BROMLEY, William (?1663-1732), of Baginton, Warws.

Published in The History of Parliament: the House of Commons 1715-1754, ed. R. Sedgwick, 1970
Available from Boydell and Brewer



1690 - 1698
21 Mar. 1701 - 13 Feb. 1732

Family and Education

b. ?1663, 1st s. of Sir William Bromley of Baginton by Ursula, da. of Thomas Leigh, M.P., 1st Baron Leigh, of Stoneleigh. educ. Ch. Ch. Oxf. 12 Apr. 1679, aged 15; M. Temple 1683. m. (1) Catherine, da. and coh. of Sir John Clobery of Westminster, 1s.;1 (2) lic. 12 Jan. 1698, Elizabeth, da. of Ralph Stawell, M.P., 1st Baron Stawell, of Somerton, Som., 2s. 2da.

Offices Held

Speaker of the House of Commons 1710-13; sec. of state 1713-14.

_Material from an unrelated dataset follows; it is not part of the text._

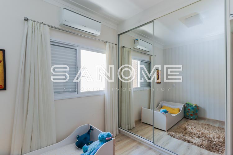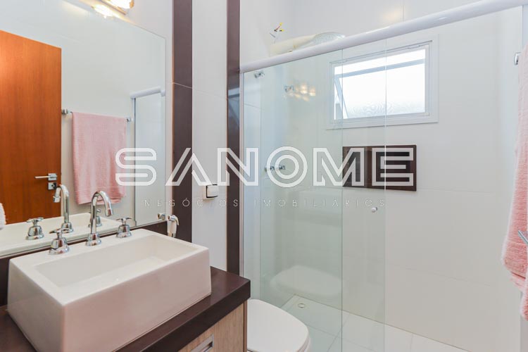 4 dormitórios (2 suítes – suíte máster com closet, sacada e banheira), Banheiro social, Sala 2 ambientes, Sala de TV, Lavabo, Cozinha com despensa, Área de serviço, Banheiro externo, Área gourmet e Quintal com ducha.

At George I’s accession Bromley lost his post of secretary of state, declining an offer of a tellership of the Exchequer unless he could have it for life; ‘but others assigned another reason, apprehension of losing his seat at Oxford if he accepted a place at court’. He opposed the Address on 23 Mar. 1715, asked for particulars of royal expenses in the debate on the civil list on 13 May, and defended Harley, Lord Oxford, against the charge of high treason on 7 July. In April 1716 he was one of the principal Tory speakers against the septennial bill. He collected money for the plot to restore the Stuarts with the help of Sweden (see Caesar, Charles), for which the Pretender was advised to write him a letter of thanks, opposed the vote of credit for measures against the threat from Sweden in April 1717; and in December that year supported a motion to reduce the army.2

In February 1718 Bromley fell dangerously ill but, attended by Dr. John Freind, recovered by the summer of 1719. In December 1719 it was reported that Lord Harcourt, a Tory who had gone over to the Government, had ‘assurance of being employed if he could prevail with any number of Tories to come in with him. ... He was very early at Mr Bromley’s lodgings and called there several times, but the other would never be seen’. In December 1720 he opposed the Address and spoke against the army. Next summer, when Sunderland was making overtures to the Tories, Bromley told Lord Oxford:

I had a great deal at second hand of the project then pretended to be carrying on, but wanting faith, I absolutely declined the opportunities offered and pressed upon me of receiving all possible assurances. ... Promises were made to me so extravagantly large, that it was affronting me to imagine I could think them sincere, and be imposed upon by them.3

In the winter Bromley tried to regroup the dissidents in the party, including Sir William Wyndham, under Oxford, but the attempt came to nothing. After the discovery of the Atterbury plot, he opposed the suspension of the Habeas Corpus Act in October 1722. On 11 Mar. 1723 he declared there was no cause to proceed against Atterbury for high treason, two days later opposing the imprisonment of Dr. Freind on the same charge. He spoke against the army in January 1724, moved, on 23 Jan. 1727, for papers relating to the treaty of Hanover, and on 5 Feb. 1729 supported a motion for an address asking what demands had been made on our allies under that treaty. In February 1730 when Pulteney demanded that the originals of papers relating to Denmark be produced,

Mr. Bromley then said he had once the honour to be secretary of state, and it was certainly true that secretaries of state do take such papers away with them as the King does not think fit to give a discharge for, though he did not himself stand upon it when he went out of office, but surrendered them all. He did not believe gentlemen would insist upon having the originals of those papers from which extracts were only taken.

In February 1732 Hearne, the antiquary, records

a warm debate in the Parliament House ... about a standing army where the Rt. Hon. Mr. Bromley, one of the burgesses for the University of Oxford, was present, but went ill out of the House, and died two or three days after [13 Feb.], which is a great loss he being an honest man, and he is reckoned by some to have died a martyr in the service of our university.4

Ref Volumes: 1715-1754

Author: Eveline Cruickshanks


  • 1. Vivian, Vis. Devon, 201.
  • 2. Pol. State viii. 330-1; Sir Geo. Beaumont to Sir Thos. Cave, Oct. 1714, Braye mss, City of Leicester Mus. 23D57/2890; HMC Portland, v. 522; HMC Stuart, ii. 464; iv. 453, 482; v. 301.
  • 3. HMC Portland, v. 557, 625; vii. 235, 258, 266.
  • 4. Ibid. vii. 309; Knatchbull Diary; HMC Egmont Diary, i. 54; iii. 345; Hearne, Colls. (Oxf. Hist. Soc.), xi. 32-33.